WORK TO COMPLETE =>
Please reproduce all of the data exactly as it appears, but skip the pictures.

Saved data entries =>
--- START ---

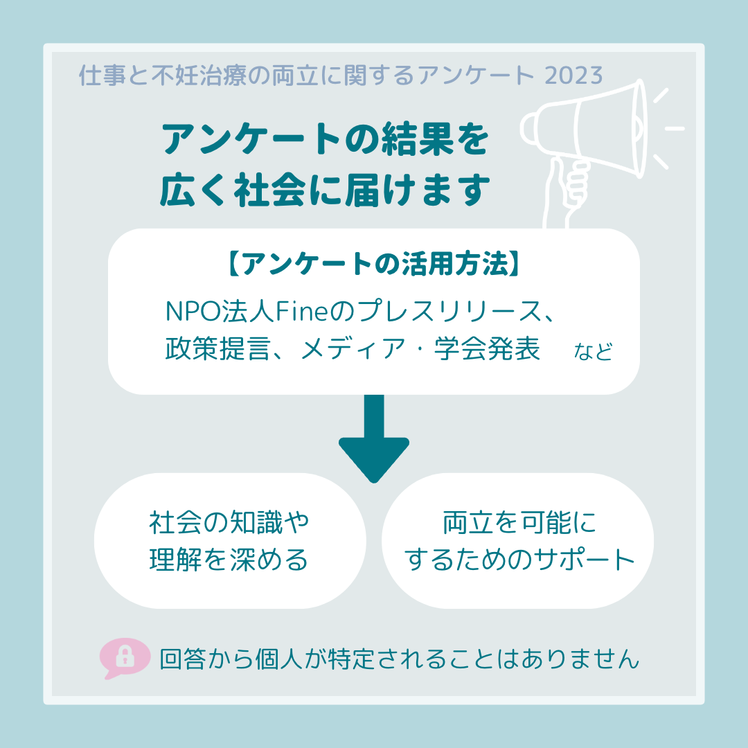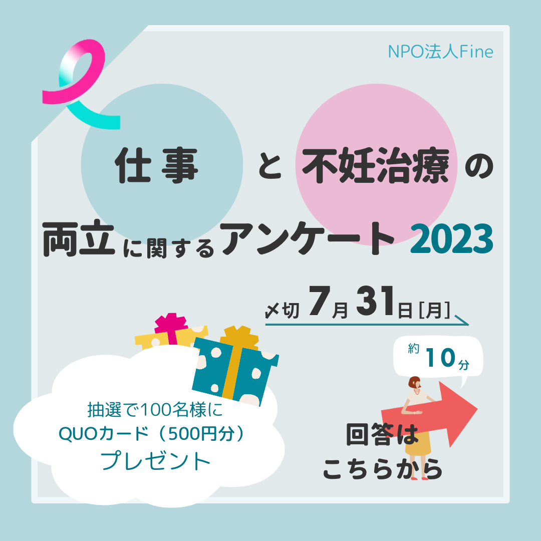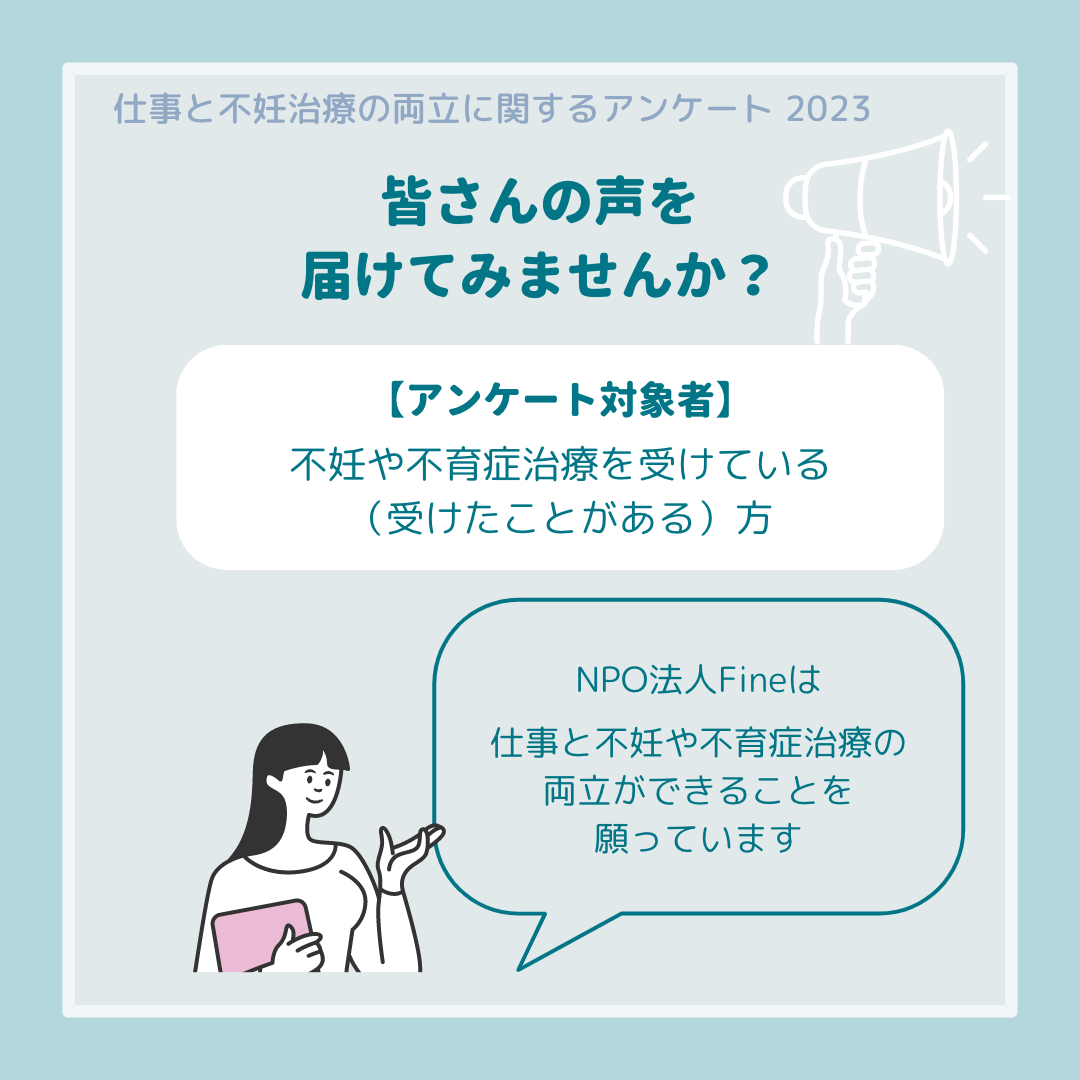 不妊治療患者をはじめ不妊・不育で悩む人をサポートする、セルフサポートグループ「NPO 法人 Fine (ファイン、以下、当法人)」は、2023年6月1日から7月31日まで、「仕事と不妊治療の両立に関するアンケート2023」を実施します。当事者の生の声を広く集め、不妊治療の保険適用がどのように当事者の生活に影響したのかを可視化することを目的としています。
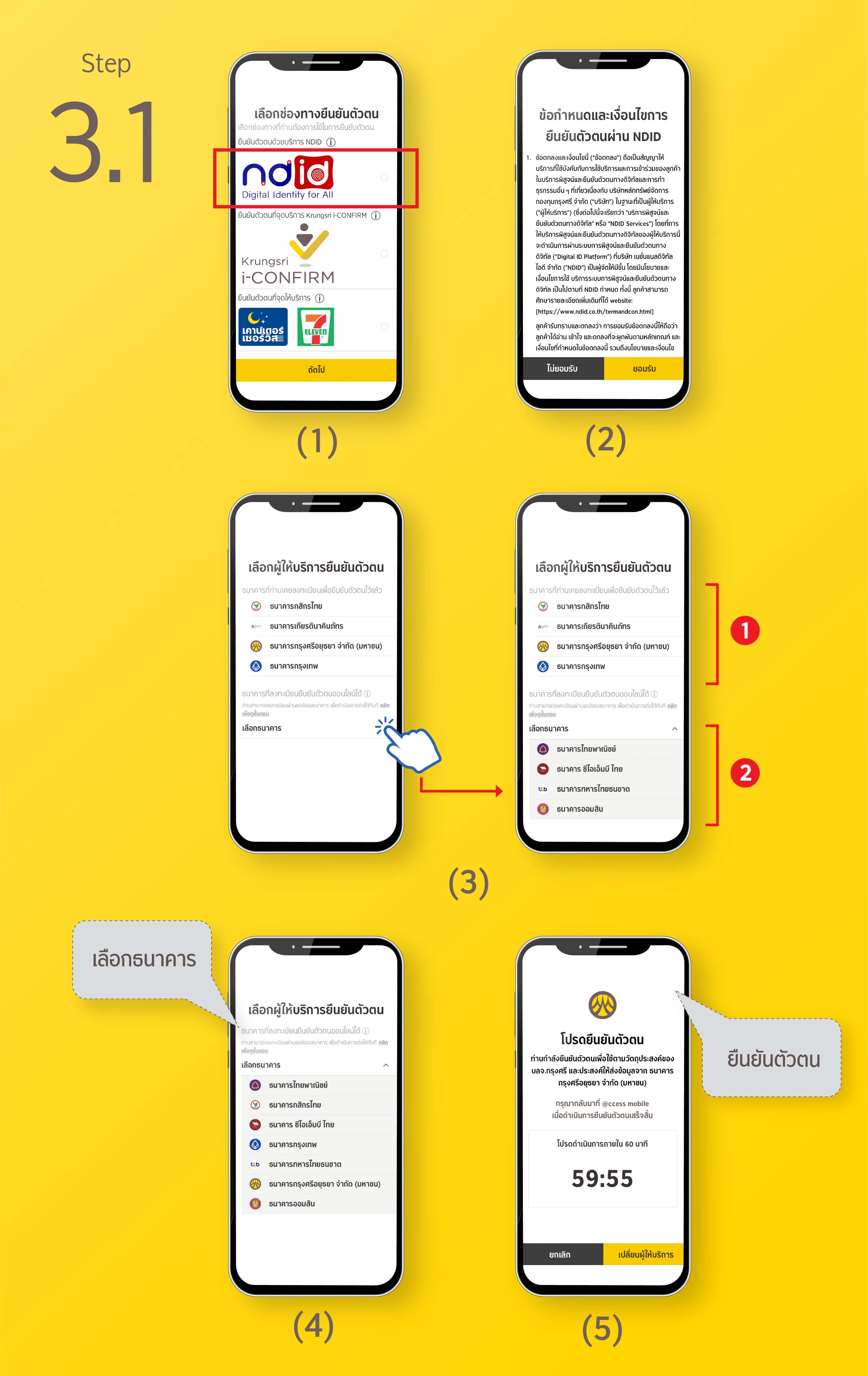 1. ขั้นตอนการยืนยันตัวตนผ่าน NDID ของแต่ละธนาคาร
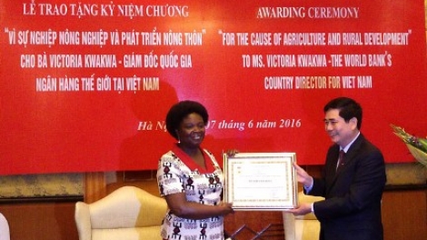 Trao kỷ niệm chương vì sự nghiệp nông nghiệp cho bà Victoria Kwakwa nguyên Giám đốc WB tại Việt Nam
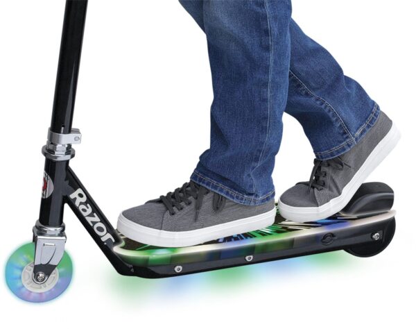 Illuminate your ride with the electrifying fun of the Razor Electric Tekno Scooter. Designed for riders aged 8 and up, this scooter brings a vibrant blue LED light show to the deck, pulsing with light as soon as the throttle is engaged. Powered by Razor’s innovative Power Core™ hub motor technology, it delivers a smooth, quiet, and maintenance-free ride, eliminating the need for chains or alignment. The efficient hub motor allows the scooter to reach speeds of up to 10 mph (16 km/h), providing thrilling yet manageable performance for young riders exploring their surroundings. Enjoy extended fun with a continuous run time of approximately 30 minutes per battery charge.
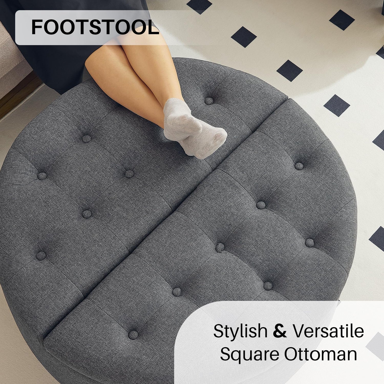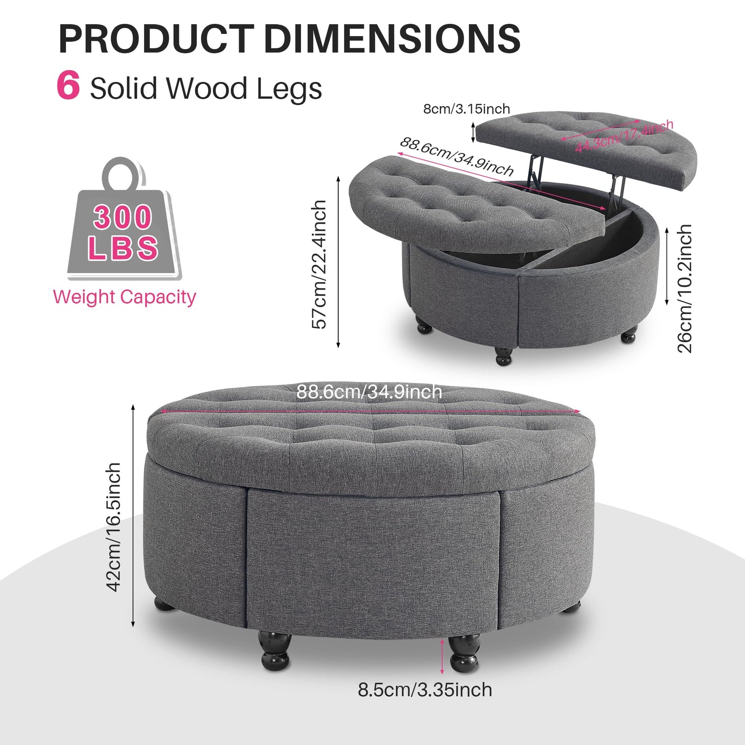 Redlife 35" Wide Round Ottoman with Storage, Storage Ottoman Coffee Table, Tufted Round Ottoman Coffee Table Linen Fabric Round Coffee Table Ottoman with Storage (Dark Grey)
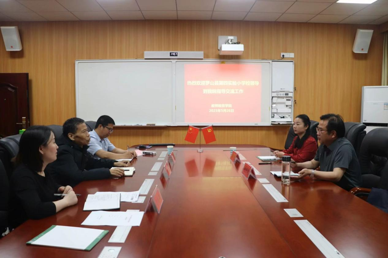 5月26日下午,罗山县第四实验小学校长何子斌、副校长万丽到我院就实践教学基地建设和双方合作教育等相关领域进行考察交流。教师教育学院院长付永昌在教七楼301会议室接待了来访客人,实践教学中心、研究生工作相关教师代表参加了座谈会。

--- END ---

SOLUTION FOR THIS TASK =>
 不妊治療患者をはじめ不妊・不育で悩む人をサポートする、セルフサポートグループ「NPO 法人 Fine (ファイン、以下、当法人)」は、2023年6月1日から7月31日まで、「仕事と不妊治療の両立に関するアンケート2023」を実施します。当事者の生の声を広く集め、不妊治療の保険適用がどのように当事者の生活に影響したのかを可視化することを目的としています。
 1. ขั้นตอนการยืนยันตัวตนผ่าน NDID ของแต่ละธนาคาร
 Trao kỷ niệm chương vì sự nghiệp nông nghiệp cho bà Victoria Kwakwa nguyên Giám đốc WB tại Việt Nam
 Illuminate your ride with the electrifying fun of the Razor Electric Tekno Scooter. Designed for riders aged 8 and up, this scooter brings a vibrant blue LED light show to the deck, pulsing with light as soon as the throttle is engaged. Powered by Razor’s innovative Power Core™ hub motor technology, it delivers a smooth, quiet, and maintenance-free ride, eliminating the need for chains or alignment. The efficient hub motor allows the scooter to reach speeds of up to 10 mph (16 km/h), providing thrilling yet manageable performance for young riders exploring their surroundings. Enjoy extended fun with a continuous run time of approximately 30 minutes per battery charge.
 Redlife 35" Wide Round Ottoman with Storage, Storage Ottoman Coffee Table, Tufted Round Ottoman Coffee Table Linen Fabric Round Coffee Table Ottoman with Storage (Dark Grey)
 5月26日下午,罗山县第四实验小学校长何子斌、副校长万丽到我院就实践教学基地建设和双方合作教育等相关领域进行考察交流。教师教育学院院长付永昌在教七楼301会议室接待了来访客人,实践教学中心、研究生工作相关教师代表参加了座谈会。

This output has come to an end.